Fig. 6.. PSGL-1 clustering facilitates prothrombotic K2KO neutrophil adhesion.
(A) Measurement of flowing speed, extent of rolling, and adhesion is shown for LysM and K2KO neutrophils in microfluidic channels coated with P-selectin. Avg, average; px, pixels. (B) Dot plots depict the duration of time that each cell remained in the field of view. Neutrophils from LysM mice, K2KO mice, and K2KO mice pretreated ex vivo with anti–PSGL-1 antibody (Ab) were compared. (C) An experimental outline is shown where neutrophils were isolated from K2KO mice, incubated with either control or anti–PSGL-1 antibodies, and infused into LysM mice before the arterial or venous thrombosis models. (D and E) The effect of anti–PSGL-1 antibody-treated K2KO neutrophils on (D) arterial and (E) venous thrombosis is shown. Blue dots depict neutrophils from LysM mice, and red dots depict neutrophils from K2KO mice. All cells were infused into LysM mice (n = 7 per group). (F) PSGL-1 staining in LPS-treated LysM and K2KO neutrophils is shown with quantification of uropod+ cells (n = 5 to 6). Uropods are indicated with an arrowhead. Scale bars, 20 μm. (G) Confocal images depict uropod formation, as demonstrated by polarized PSGL-1 clustering. Scales indicate PSGL-1 fluorescence intensity. **P < 0.01 and ***P < 0.001 by unpaired, two-tailed Student’s t test.
Fig. 7.
Fig. 7.. Targeting PSGL-1 clustering in activated neutrophils with decorated nanoparticles protects against arterial and venous thrombosis.

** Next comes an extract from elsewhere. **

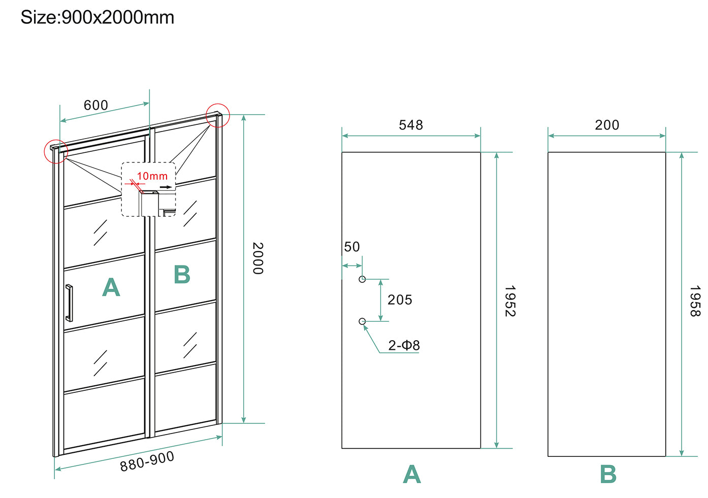 Horizon Nisdeur Wiesbaden met vast paneel 90x200 cm 8 mm Nano Mat Zwart

(A) Cell attachment quantification from in vitro microfluidic assay is shown. K2KO neutrophils were preincubated with control IgG, anti–PSGL-1 antibody, control IgG NP, or anti–PSGL-1 NP before flowing through chambers (n = 9 trials). (B and C) The extent of thrombosis in K2KO mice treated with IgG or anti–PSGL-1–coated NP was compared for both (B) arterial and (C) venous models (n = 4 arterial and n = 6 venous). (D) Quantification of neutrophils along vessel walls early after carotid artery injury is shown for K2KO mice treated with either IgG (n = 3) or anti–PSGL-1 (n = 3) NPs. (E) The experimental design for adoptive neutrophil transfer is shown. Neutrophils from K2KO mice were incubated with IgG or anti–PSGL-1 NPs and transferred into LysM mice before thrombosis. (F and G) K2KO neutrophils preincubated with either IgG or anti–PSGL-1 NPs were infused into LysM mice before (F) carotid artery injury or (G) IVC ligation (n = 6 to 8). (H) An experimental timeline is shown depicting treatment of aPL-injected WT mice with either IgG or anti–PSGL-1 NPs before thrombosis induction. (I and J) The effect of anti–PSGL-1 NP treatment against aPL-induced (I) arterial and (J) venous thrombosis was measured (n = 5 to 8). (K) Lower doses of anti–PSGL-1 antibody were compared in an aPL-injected carotid artery injury model (n = 5). Anti–PSGL-1 was administered either alone or in NP formulation at concentrations of 2 μg. *P < 0.05, **P < 0.01, ***P < 0.001, and ****P < 0.0001 by unpaired, two-tailed Student’s t test.